Lack of money and young children needing care in the home are probably two factors influencing these families that do not attend at all; of the forty-one working class families in which all the children are twelve years or under, eighteen never go to the movies, while of the eighty-one working class families in which one or more of the children is twelve or older, only twenty reported that no member of the family ever attends.

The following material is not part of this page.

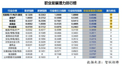 根據(jù)智聯(lián)招聘近3年15大類行業(yè)25189萬在線職位及32354萬投遞行為數(shù)據(jù),《報告》顯示,2020-2025最具發(fā)展?jié)摿Φ奈宕笮袠I(yè)分別為互聯(lián)網(wǎng)/IT/電子/通信、房地產(chǎn)、制造業(yè)、金融業(yè)和專業(yè)服務(wù)。從需求指數(shù)來看,房地產(chǎn)、制造業(yè)、互聯(lián)網(wǎng)行業(yè)人才需求潛力排名前三、從薪酬指數(shù)來看,金融業(yè)、房地產(chǎn)、互聯(lián)網(wǎng)行業(yè)薪酬潛力排名前三、從吸引力指數(shù)來看,互聯(lián)網(wǎng)、制造業(yè)、專業(yè)服務(wù)、批發(fā)/零售/貿(mào)易、房地產(chǎn)行業(yè)吸引力排名前五、從粘性指數(shù)來看,互聯(lián)網(wǎng)、制造業(yè)、房地產(chǎn)行業(yè)粘性排名前三。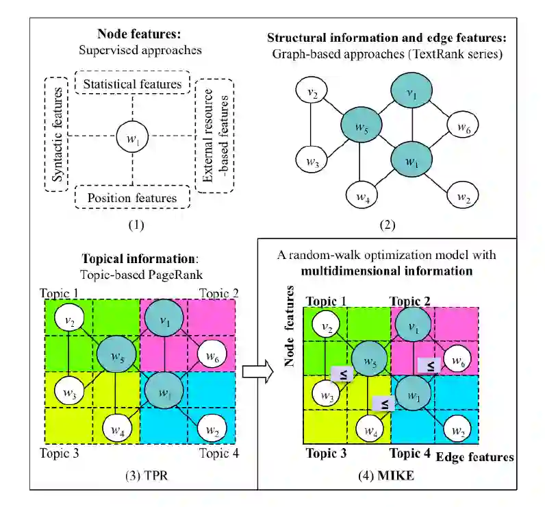 传统的监督式关键短语提取模型取决于标记的短语的特征,而流行的非监督式模型主要依赖于词图的结构,候选词作为节点,边捕获词之间的共现信息。然而,将所有这些多维异构信息系统地集成到一个统一的模型中是相对未曾探索过的。在本文中,专注于如何有效地利用多维信息来提高关键短语提取性能(MIKE),其中包括词共现,文档主题分布,Word2Vec。与现有的基于图的关键短语提取算法相比,MIKE充分利用了候选词之间的共现性、候选词的特征和候选词的主题特征,通过大幅度修改转换概率矩阵和重置底层词图概率向量,优化随机游走模型。这使得词图随机游走过程语义更丰富。(公式一为利用共现优化边特征,最终对转换概率进行修改;公式2为利用主题,词特征优化点特征,最终对重置概率进行修改)

“I haven’t been anywhere in two years,” said a working class wife of thirty-three, the mother of six children, the youngest twenty months. “I went to the movies once two years ago. I was over to see Mrs. — and she says, ‘Come on, let’s go to the movies.’ I didn’t believe her. She is always
ragging the men and I thought she was joking. ‘Come on,’ she says, ‘put your things on and we’ll see a show.’ I thought, well, if she wanted to rag the men, I’d help her, so I got up and put my things on. And, you know, she really meant it. She paid my carfare uptown and paid my way into the movies. I was never so surprised in my life. I haven’t been anywhere since.”

20. Cf . N. 10 above. The ex-proprietor of one of the largest saloons in the city said, “The movies killed the saloon. They cut our business in half overnight.”

21. It happens frequently that the title overplays the element of “sex adventure” in a picture. On the other hand, films less luridly advertised frequently portray more “raw situations.”

22. cf. Ch. XI.

Miriam Van Waters, referee of the juvenile court of Los Angeles and author of Youth in Conflict, says in a review of Cyril Burt’s The Young Delinquent: “The cinema is recognized for what it is, the main source of excitement and of moral education for city children. Burt finds that only mental defectives take the movies seriously enough Jo imitate the criminal exploits portrayed therein, and only a small proportion of thefts can be traced to stealing to gain money for admittance. In no such direct way does the moving picture commonly demoralize youth. It is in the subtle way of picturing the standards of adult life, action and emotion, cheapening, debasing, distorting adults until they appear in the eyes of the young people perpetually bathed in a moral atmosphere of intrigue, jealousy, wild emotionalism, and cheap sentimentality. Burt realizes that these exhibitions stimulate children prematurely.” (The Survey, April 15, 1926.)

23. One exhibitor in Middletown is a college-trained man interested in bringing “good films” to the city. He, like the others, however, is caught in fthe competitive game and matches his competitors’ sensational advertisements.

Comment: This is an extract (with its original footnotes) from a classic and still influential sociological study, set in the archetypal small American city – the actual city used by the Lynds was Muncie, Indiana, population 38,000. The study began in 1924 and was published in 1924, with a follow-up, Middletown in Transition, published in 1937.